Goal of the exercise:
Starting with the line that has "Material: The hay" in the records below and ending with the line that has "Italian chandelier with", output those lines exactly and nothing more; omit the pictures.

Exercise material:
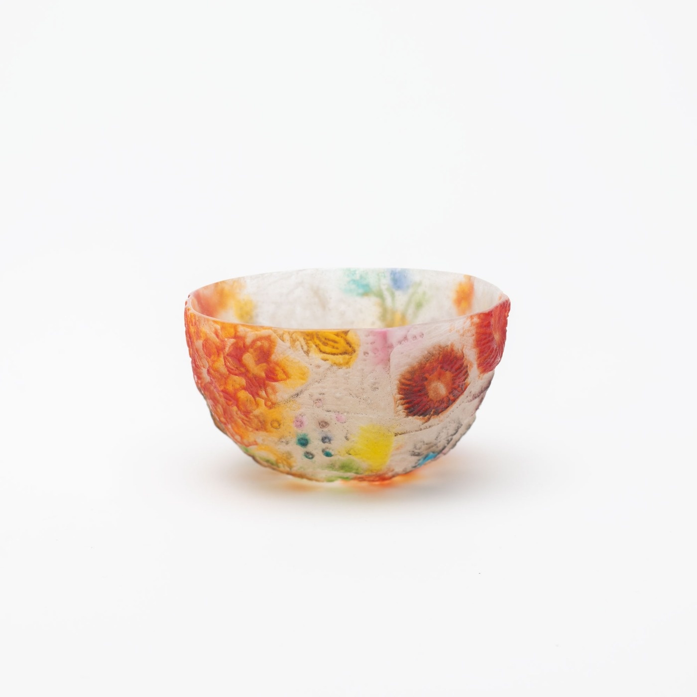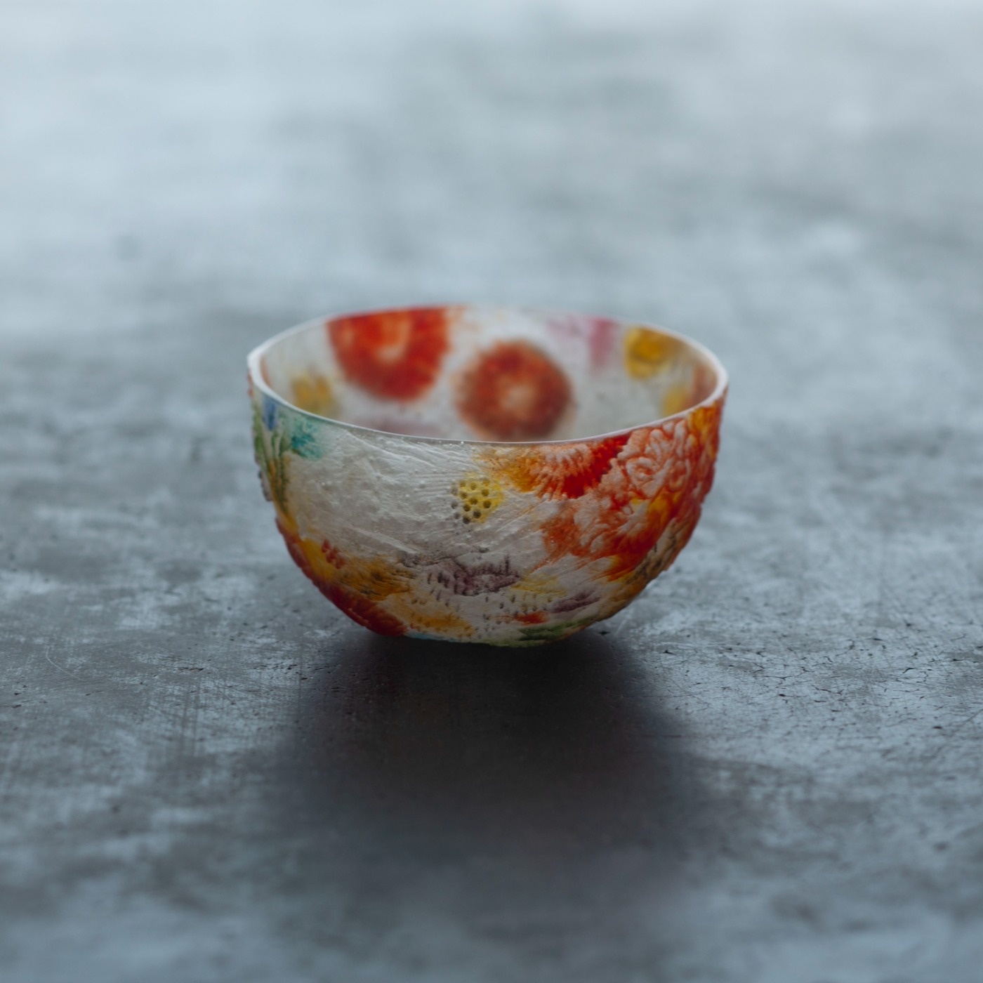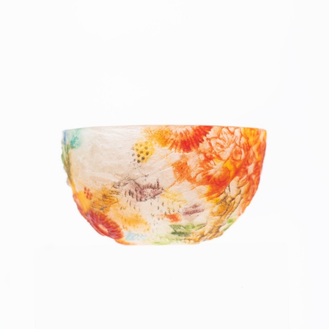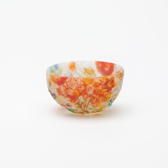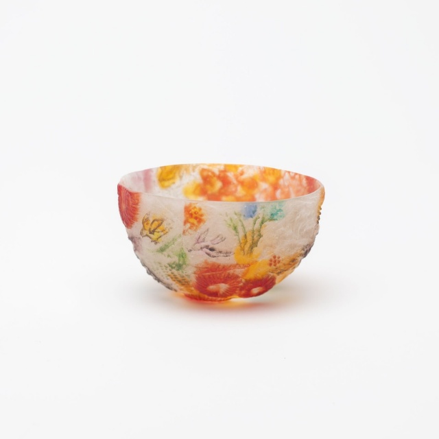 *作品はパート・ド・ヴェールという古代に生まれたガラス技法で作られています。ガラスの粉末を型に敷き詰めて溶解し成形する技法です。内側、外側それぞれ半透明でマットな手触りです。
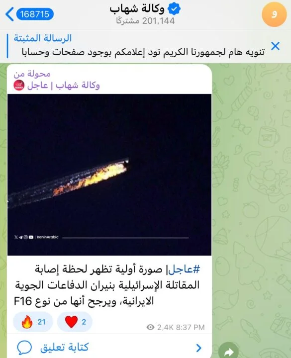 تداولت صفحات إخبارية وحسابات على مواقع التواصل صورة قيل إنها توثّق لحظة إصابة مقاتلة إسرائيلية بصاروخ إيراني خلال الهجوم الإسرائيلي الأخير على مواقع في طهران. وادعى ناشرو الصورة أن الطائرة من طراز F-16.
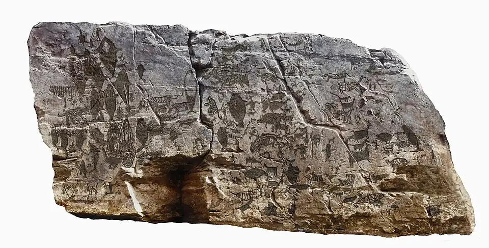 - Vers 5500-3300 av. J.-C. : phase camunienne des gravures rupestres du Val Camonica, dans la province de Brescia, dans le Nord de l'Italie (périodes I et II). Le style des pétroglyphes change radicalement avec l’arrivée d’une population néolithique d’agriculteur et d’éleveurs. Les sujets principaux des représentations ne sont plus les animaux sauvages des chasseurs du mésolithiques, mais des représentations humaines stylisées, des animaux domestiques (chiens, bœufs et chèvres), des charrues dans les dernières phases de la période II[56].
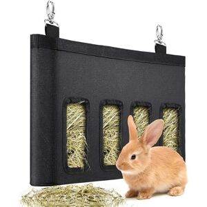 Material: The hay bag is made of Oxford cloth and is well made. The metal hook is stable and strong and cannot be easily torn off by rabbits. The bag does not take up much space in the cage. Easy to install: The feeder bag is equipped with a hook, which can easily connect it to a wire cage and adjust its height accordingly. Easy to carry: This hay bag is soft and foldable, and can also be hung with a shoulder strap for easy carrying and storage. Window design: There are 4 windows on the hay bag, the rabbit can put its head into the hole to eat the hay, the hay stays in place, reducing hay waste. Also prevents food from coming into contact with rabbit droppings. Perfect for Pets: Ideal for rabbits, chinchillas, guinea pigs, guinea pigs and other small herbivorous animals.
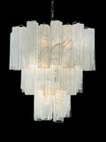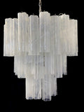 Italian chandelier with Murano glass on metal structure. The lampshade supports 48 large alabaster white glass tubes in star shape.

* * *

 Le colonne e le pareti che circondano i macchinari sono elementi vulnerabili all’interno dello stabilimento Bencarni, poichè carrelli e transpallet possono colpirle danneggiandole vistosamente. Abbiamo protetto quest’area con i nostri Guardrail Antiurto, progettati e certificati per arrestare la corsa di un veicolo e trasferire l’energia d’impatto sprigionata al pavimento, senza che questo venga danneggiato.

Written solution:
 Material: The hay bag is made of Oxford cloth and is well made. The metal hook is stable and strong and cannot be easily torn off by rabbits. The bag does not take up much space in the cage. Easy to install: The feeder bag is equipped with a hook, which can easily connect it to a wire cage and adjust its height accordingly. Easy to carry: This hay bag is soft and foldable, and can also be hung with a shoulder strap for easy carrying and storage. Window design: There are 4 windows on the hay bag, the rabbit can put its head into the hole to eat the hay, the hay stays in place, reducing hay waste. Also prevents food from coming into contact with rabbit droppings. Perfect for Pets: Ideal for rabbits, chinchillas, guinea pigs, guinea pigs and other small herbivorous animals.
 Italian chandelier with Murano glass on metal structure. The lampshade supports 48 large alabaster white glass tubes in star shape.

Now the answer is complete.